The file contains information related to the test that generated the file. For this example:

# TEST CONFIGURATION BEGIN
# File Stream: filename: elec.csv  -  n_targets: 1
# [0] HoeffdingTreeClassifier: max_byte_size: 33554432 - memory_estimate_period: 1000000 - grace_period: 200 - split_criterion: info_gain - split_confidence: 1e-07 - tie_threshold: 0.05 - binary_split: False - stop_mem_management: False - remove_poor_atts: False - no_pre_prune: False - leaf_prediction: nba - nb_threshold: 0 - nominal_attributes: [] -
# Prequential Evaluator: n_wait: 200 - max_samples: 10000 - max_time: inf - output_file: results.csv - batch_size: 1 - pretrain_size: 1000 - task_type: classification - show_plot: False - metrics: ['performance', 'kappa']
# TEST CONFIGURATION END

And data related to performance during the evaluation:

  • id: the id of the sample that was used for testing

  • global_performance: overall performance (accuracy)

  • sliding_performance: sliding window performance (accuracy)

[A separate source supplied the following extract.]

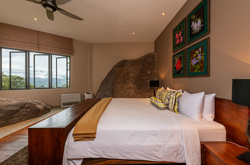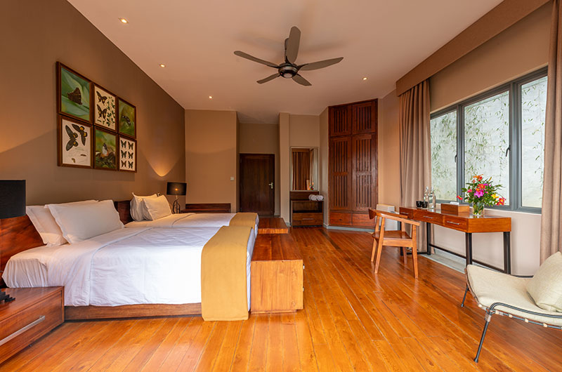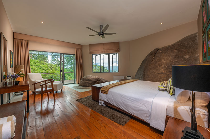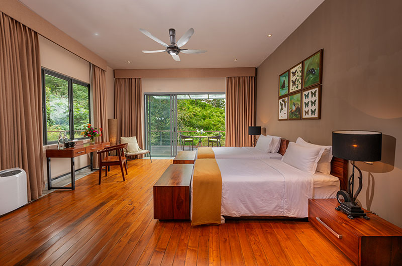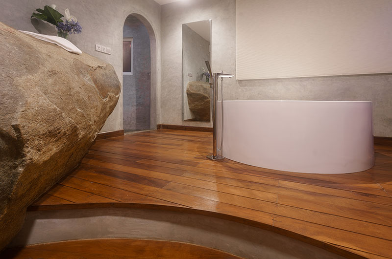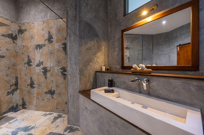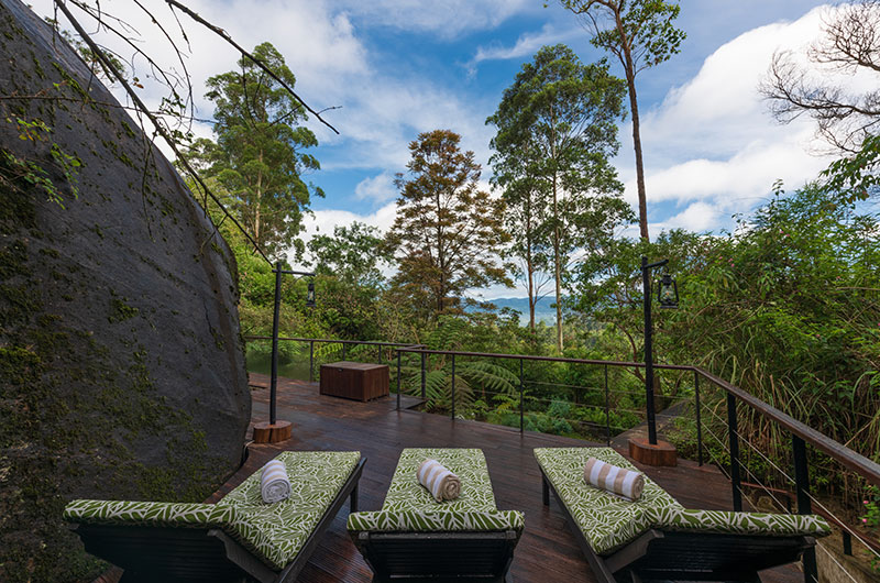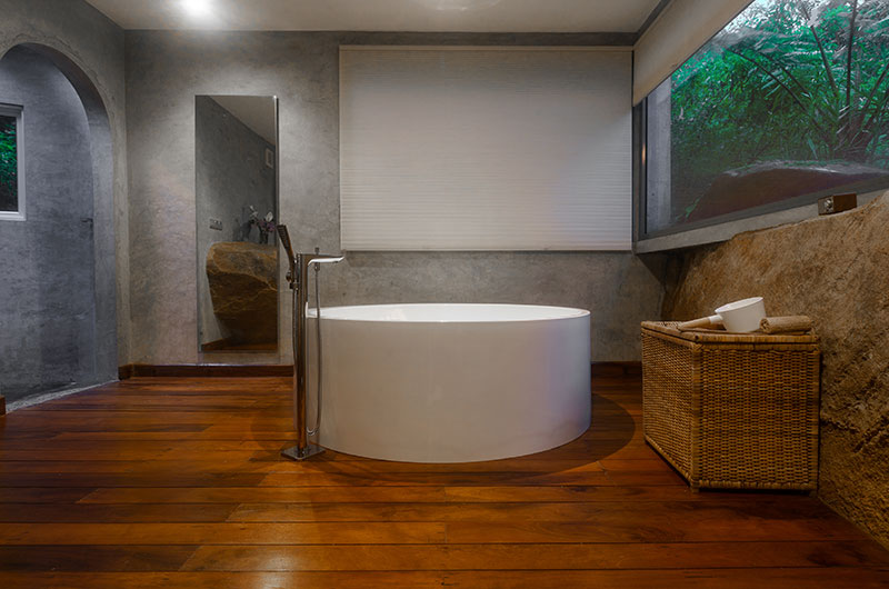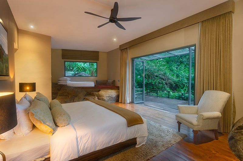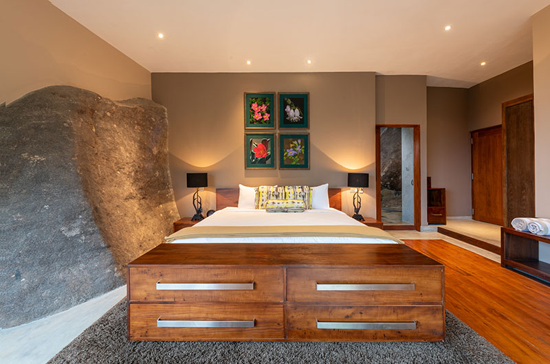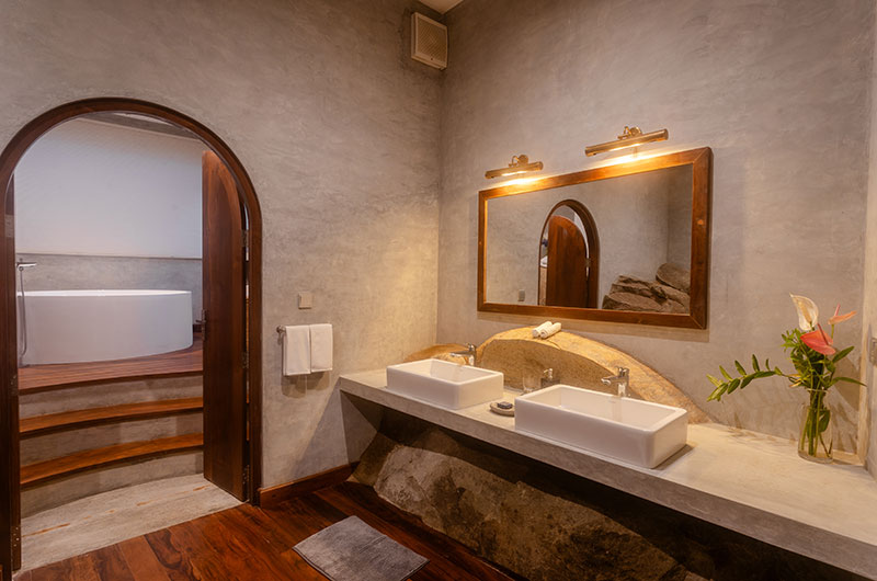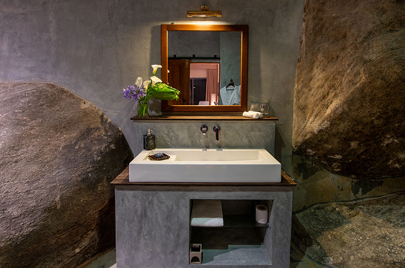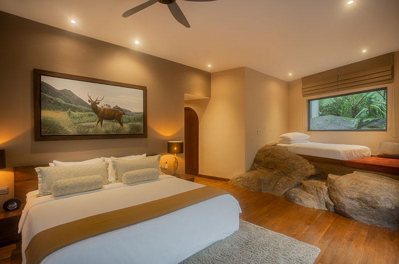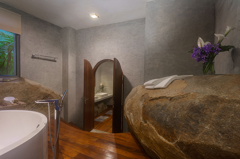The first bedroom is set within the cave and opens to a scenic balcony looking over the greenery. The room features a king-sized bed, occasional chair, and work desk. There’s also an extra single bed positioned on an elevated platform – a great setup for families looking to share a room. The ensuite bathroom features a gorgeous circular bathtub, rain shower, dual sinks, and a toilet.

  • global_kappa: overall kappa statistics

  • sliding_kappa: sliding window kappa statistics

Putting it all together:

 1
 2
 3
 4
 5
 6
 7
 8
 9
10
11
12
13
14
15
16
17
18
>>> from skmultiflow.data import FileStream
>>> from skmultiflow.trees import HoeffdingTreeClassifier
>>> from skmultiflow.evaluation import EvaluatePrequential
>>>
>>> # 1. Create a stream
>>> stream = FileStream("https://raw.githubusercontent.com/scikit-multiflow/"
>>>                     "streaming-datasets/master/elec.csv")
>>>
>>> # 2. Instantiate the HoeffdingTreeClassifier
>>> ht = HoeffdingTreeClassifier()
>>>
>>> # 3. Setup the evaluator
>>> evaluator = EvaluatePrequential(pretrain_size=1000,
>>>                                 max_samples=10000,
>>>                                 output_file='results.csv')
>>>
>>> # 4. Run evaluation
>>> evaluator.evaluate(stream=stream, model=ht)

Note: The elec.csv file is available in the following repository: https://github.com/scikit-multiflow/streaming-datasets

To avoid downloading the data multiple times, you can keep a local copy and replace the path accordingly.